Transforming the integral by changing x variables into u variables.
Solving for dx to facilitate the substitution process.
Simplifying the integral to 2 * (u^4/4) + C by canceling terms.
Substituting u back with x^2 + 5 to find the anti-derivative.
Demonstration of integrating 8 * cos(4x) dx using u-substitution.
Using the derivative of cosine to find the anti-derivative of the integral.
Pattern recognition in u-substitution for integrating functions.
Integrating x^3 * e^(x^4) by setting u = x^4 and simplifying.
Dealing with the integral of 8x * sqrt(40 - 2x^2)^2 dx.

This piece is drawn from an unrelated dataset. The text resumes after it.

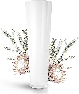 Glaskönig Vase en Verre Cylindre Conique Blanc 43cm Ø 18cm. Vase Sol en Verre Grand Vase déco Grand Moderne Vase en Verre Rond comme Vase à Fleurs Grand Vase Sol Blanc en Verre opalin

Isolating dx and simplifying the integral using u-substitution.
Integrating x^3 / (2 + x^4)^2 by setting u = 2 + x^4.
Solving for x when the degree of x variables is the same.
Integrating sin^4(x) * cos(x) dx by setting u = sin(x).
Integrating sqrt(5x + 4) by setting u = 5x + 4.
Complex example of integrating (3x + 2) with x variables of the same degree.
Final example integrating (4x - 5) with a similar approach to the previous complex example.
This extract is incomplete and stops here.